4. Results and Discussion

4.1. Model Validation

Figure 7 shows the flow chart of the model validation. The unbalance response results from the model in this paper are compared with experimental data to verify the accuracy of the model.

Figure 8 shows the experimentally measured displacements of the rotor with 79 mg of unbalanced mass added to the first-stage test impeller, alongside the model-predicted results. The trend predicted by the model aligns well with the experimental results, though the predicted displacements are slightly larger. At 30,000 RPM, the error between the model calculation results and the experimental data is less than 5%. This discrepancy arises because the model uses the dynamic coefficients of the bearing when the rotor is in an equilibrium position. As the rotor’s displacement increases, the gas film between the rotor and the bearing becomes thinner, which in turn increases the stiffness provided by the gas film.

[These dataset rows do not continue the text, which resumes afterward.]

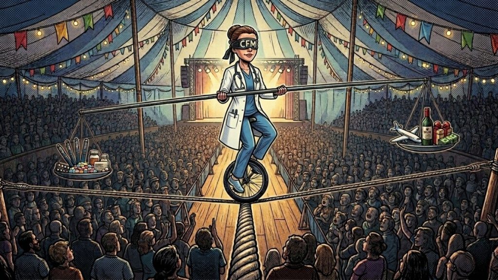 Desde março de 2025, o Conselho Federal de Medicina (CFM) supostamente exige que todos os médicos brasileiros declarem, na plataforma CRM Virtual, eventuais conflitos de interesse relacionados à indústria farmacêutica. A exigência foi publicada no Diário Oficial a partir da Resolução 2386/24 e prevê que os médicos podem enfrentar processos disciplinares e até ter o registro cassado caso não deem transparência às contratações, como palestras, pesquisas ou consultorias, que tenham prestado às farmacêuticas.
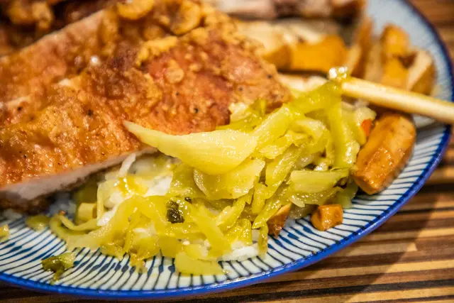 總共有三種配菜,但應該都是隨機出菜的,今天是有高麗菜、豆乾與酸菜,配菜的份量也算是多,米飯的表現也不錯不會太濕軟,酸菜脆度有出來,配著炸物一起吃蠻解膩的
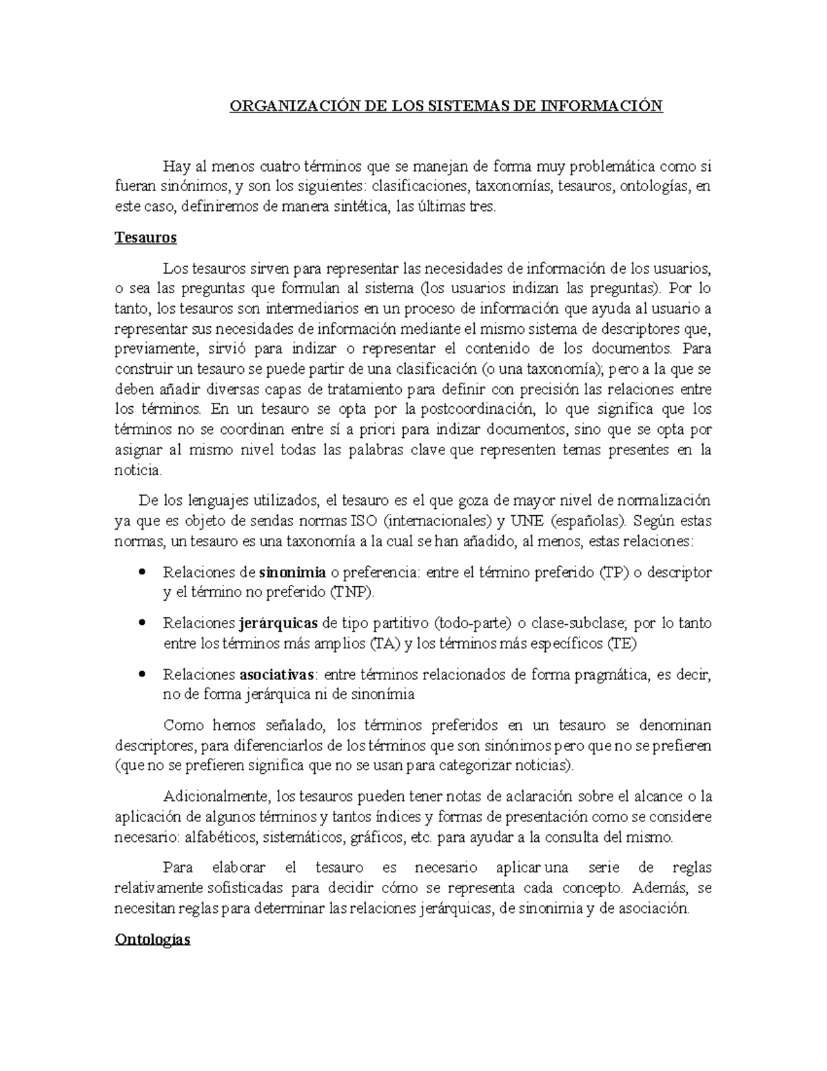 Organizacion DE LOS SIST. DE Informac - ORGANIZACIÓN DE LOS SISTEMAS DE ...
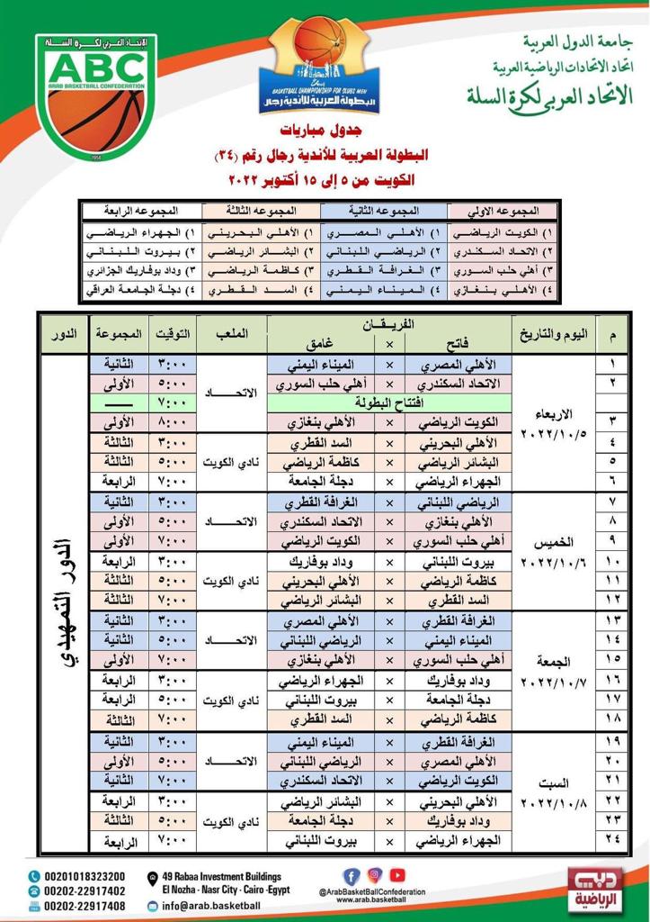 يبدأ فريقا الاهلي المصري والاتحاد السكندري ميارياتهما اليوم في البطولة العربية للأندية لكرة السلة المقامة بالكويت

As a result, the rotor’s displacement decreases compared to the original calculation based on gas film stiffness.

4.2. Unilateral Unbalanced

The collected signals were subjected to Fast Fourier Transform and the resulting waterfalls are shown in Figure 9. The primary displacement component was found at 1× RPM, which corresponds to the synchronous vibration caused by the unbalanced mass. A secondary component appeared at 2× RPM, likely due to slight misalignment of the rotor. The subsynchronous vibrations in the low-frequency range were minimal, indicating that the GFBs exhibited good stability during the experiments. Previous research indicates that multi-pad foil bearings with appropriate preload effectively suppress subsynchronous vibrations [25]. Thus, the minimal subsynchronous vibration in our experiments is attributed primarily to the two-pad GFB’s preloaded structure, a feature known to enhance rotor stability even under substantial unbalanced loads.

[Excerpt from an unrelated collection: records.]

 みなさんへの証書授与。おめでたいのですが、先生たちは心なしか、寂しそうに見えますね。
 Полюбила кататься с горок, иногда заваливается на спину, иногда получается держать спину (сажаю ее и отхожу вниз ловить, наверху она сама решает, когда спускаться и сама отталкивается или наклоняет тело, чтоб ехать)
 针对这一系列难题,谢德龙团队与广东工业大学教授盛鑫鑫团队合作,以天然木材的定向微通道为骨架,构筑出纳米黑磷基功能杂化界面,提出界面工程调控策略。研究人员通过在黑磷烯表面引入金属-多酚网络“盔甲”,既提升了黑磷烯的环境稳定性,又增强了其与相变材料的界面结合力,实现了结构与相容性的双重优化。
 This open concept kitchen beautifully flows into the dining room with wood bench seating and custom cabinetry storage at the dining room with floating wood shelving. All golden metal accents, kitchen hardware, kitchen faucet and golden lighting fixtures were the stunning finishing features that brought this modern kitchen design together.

The 1× RPM component is the primary source of vibration. The displacement at this frequency was isolated for further comparison. The relationship between the 1× RPM displacement and rotational speed is shown in Figure 10. It can be observed that, after the unbalanced mass was installed, the displacement trends at the two ends of the rotor diverged with increasing speed. On the first-stage side, the displacement initially decreased with speed, then increased; on the second-stage side, the displacement monotonically increased, with the growth rate accelerating. The phase difference between the two sides of the rotor changed abruptly between 70,000 and 80,000 RPM, transitioning from an inverted phase to a synchronized phase. The displacement increase on the second-stage side follows the general trend that centrifugal force from the unbalanced mass is proportional to the square of the rotational speed. The decrease in displacement on the first-stage side requires further investigation.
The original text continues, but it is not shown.